▶ ASSIGNMENT
Your answer must be an exact copy of the data below, minus any pictures.

▶ COLLECTED DATA
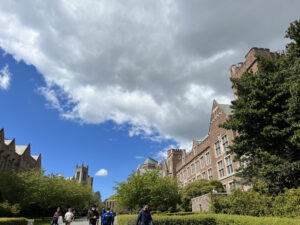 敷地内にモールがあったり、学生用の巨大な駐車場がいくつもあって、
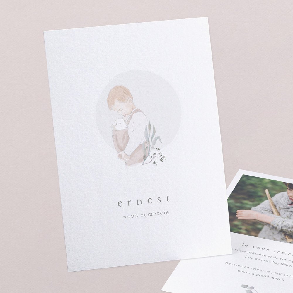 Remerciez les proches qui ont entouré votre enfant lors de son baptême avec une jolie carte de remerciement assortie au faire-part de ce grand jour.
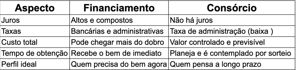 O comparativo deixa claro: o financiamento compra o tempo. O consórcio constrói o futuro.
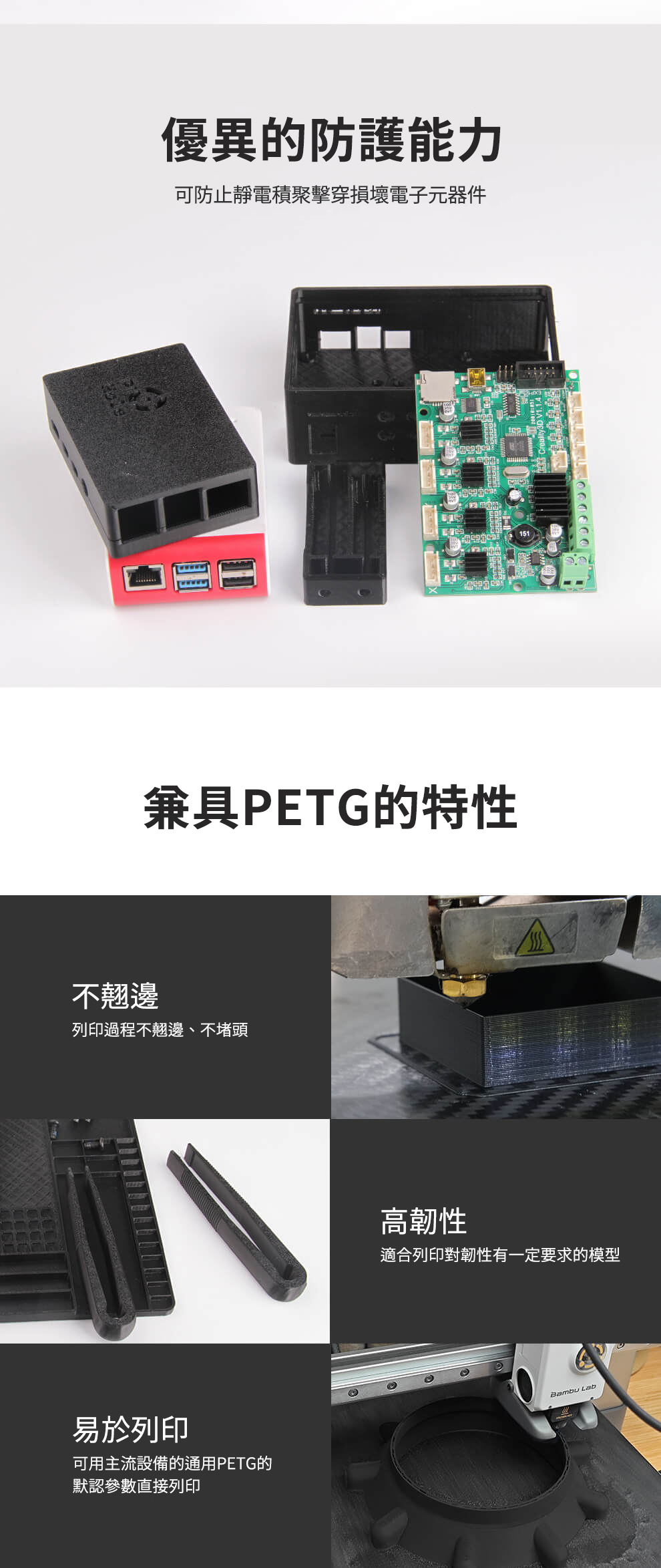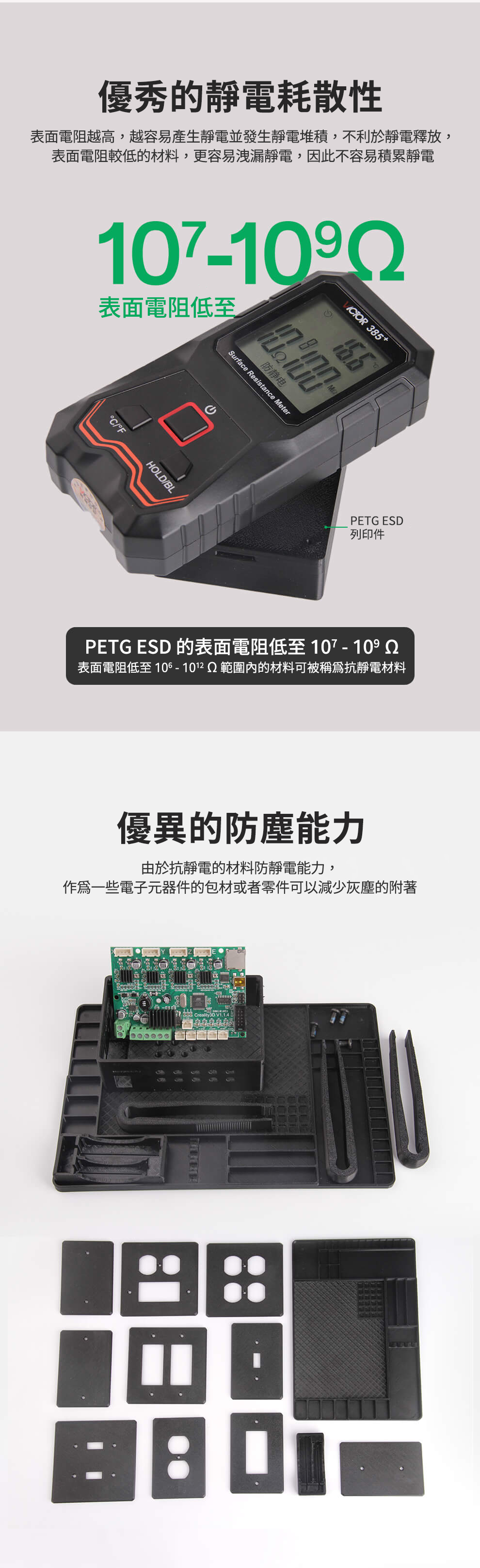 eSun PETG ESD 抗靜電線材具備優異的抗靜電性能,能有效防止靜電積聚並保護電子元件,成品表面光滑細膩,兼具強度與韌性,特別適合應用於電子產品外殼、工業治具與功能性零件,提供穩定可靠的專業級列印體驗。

▶ SOLUTION TO THE PROBLEM
 敷地内にモールがあったり、学生用の巨大な駐車場がいくつもあって、
 Remerciez les proches qui ont entouré votre enfant lors de son baptême avec une jolie carte de remerciement assortie au faire-part de ce grand jour.
 O comparativo deixa claro: o financiamento compra o tempo. O consórcio constrói o futuro.
 eSun PETG ESD 抗靜電線材具備優異的抗靜電性能,能有效防止靜電積聚並保護電子元件,成品表面光滑細膩,兼具強度與韌性,特別適合應用於電子產品外殼、工業治具與功能性零件,提供穩定可靠的專業級列印體驗。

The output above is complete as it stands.